S1S2-Water: A global dataset for semantic segmentation of water bodies from Sentinel-1 and Sentinel-2 satellite images
This repository provides tools to work with the S1S2-Water dataset.
S1S2-Water dataset is a global reference dataset for training, validation and testing of convolutional neural networks for semantic segmentation of surface water bodies in publicly available Sentinel-1 and Sentinel-2 satellite images. The dataset consists of 65 triplets of Sentinel-1 and Sentinel-2 images with quality checked binary water mask. Samples are drawn globally on the basis of the Sentinel-2 tile-grid (100 x 100 km) under consideration of pre-dominant landcover and availability of water bodies. Each sample is complemented with STAC-compliant metadata and Digital Elevation Model (DEM) raster from the Copernicus DEM.
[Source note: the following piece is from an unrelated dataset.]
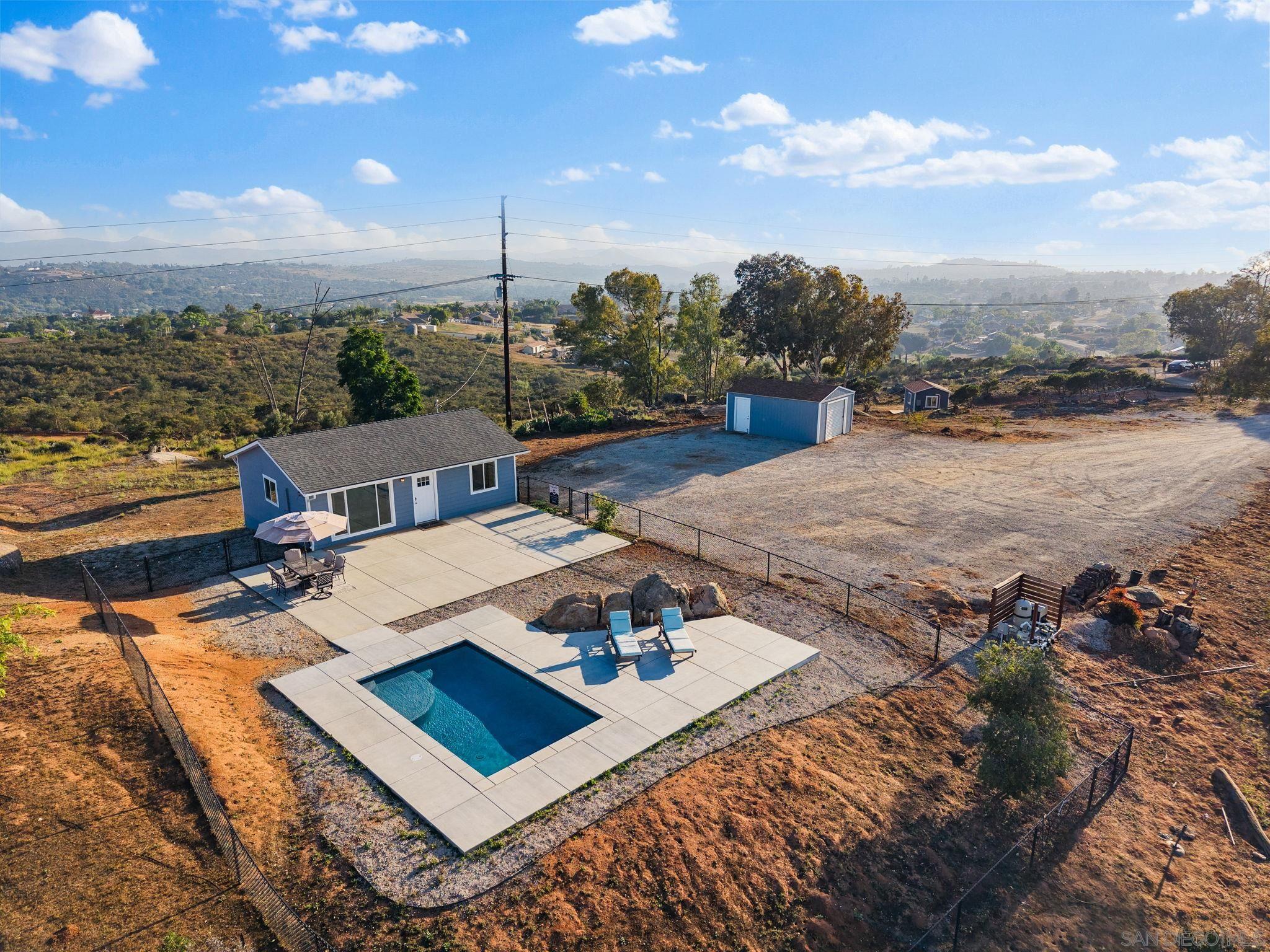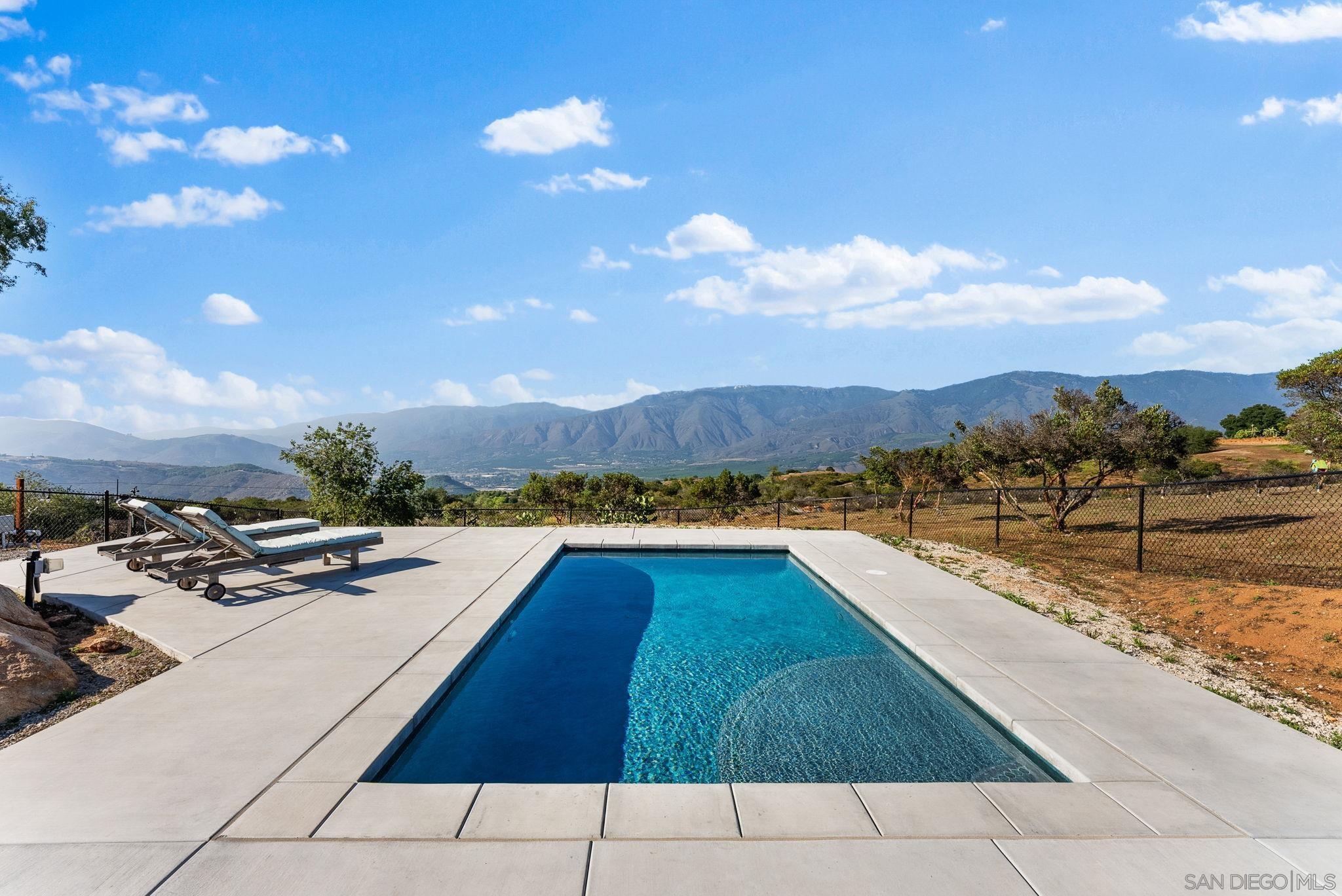 Modern country living on 37 private acres in scenic Valley Center! This custom-built home features a clean, contemporary design and breathtaking views from every window. Inside, the stylish kitchen offers new white cabinetry, stainless steel appliances, and a spacious dine-in island. Updated flooring runs throughout the home. The bright living room is anchored by a large custom window that perfectly frames the surrounding natural beauty and fills the space with light. A separate, stand-alone home office and a detached garage with extra storage provide flexible space for remote work or creative use. A custom pool with a large patio overlooks the valley an ideal place to unwind and take in the sunset as it reflects off the nearby mountains. Make this your primary residence, convert it into a guest house while building a larger custom estate, or explore the potential for developing multiple homes. With acres of open land, the possibilities are nearly endless whether for recreation, business ventures, hobbies, or future expansion. Located near other luxury home communities, this property offers privacy without sacrificing convenience close to top-rated schools, shopping, and dining. A rare blend of space, style, and opportunity ready for your vision.Interested in this Listing?

The following pre-print article describes the dataset:
Wieland, M., Fichtner, F., Martinis, S., Groth, S., Krullikowski, C., Plank, S., Motagh, M. (2023). S1S2-Water: A global dataset for semantic segmentation of water bodies from Sentinel-1 and Sentinel-2 satellite images. IEEE Journal of Selected Topics in Applied Earth Observations and Remote Sensing, doi: 10.1109/JSTARS.2023.3333969.
The dataset on Zenodo has been updated to a new version. Sentinel-1 scenes for samples #31 and #59 have been missing in v1.0.0 and are now included in v1.0.1 along with all relevant masks and metadata.
The dataset (~170 GB) is available for download at: https://zenodo.org/records/11278238 (v1.0.1)
Download the dataset parts and extract them into a single data directory as follows.
.
└── data/
├── 1/
│ ├── sentinel12_copdem30_1_elevation.tif
│ ├── sentinel12_copdem30_1_slope.tif
│ ├── sentinel12_s1_1_img.tif
│ ├── sentinel12_s1_1_msk.tif
│ ├── sentinel12_s1_1_valid.tif
│ ├── sentinel12_s2_1_img.tif
│ ├── sentinel12_s2_1_msk.tif
│ ├── sentinel12_s2_1_valid.tif
│ └── sentinel12_1_meta.json
├── 5/
│ ├── sentinel12_copdem30_5_elevation.tif
│ ├── sentinel12_copdem30_5_slope.tif
│ ├── sentinel12_s1_5_img.tif
│ ├── sentinel12_s1_5_msk.tif
│ ├── sentinel12_s1_5_valid.tif
│ ├── sentinel12_s2_5_img.tif
│ ├── sentinel12_s2_5_msk.tif
│ ├── sentinel12_s2_5_valid.tif
│ └── sentinel12_5_meta.json
├── .../
│ └── ...
└── catalog.json
Each file follows the naming scheme sentinel12_SENSOR_ID_LAYER.tif (e.g. sentinel12_s1_5_img.tif
). Raster layers are stored as Cloud Optimized GeoTIFF (COG) and are projected to Universal Transverse Mercator (UTM).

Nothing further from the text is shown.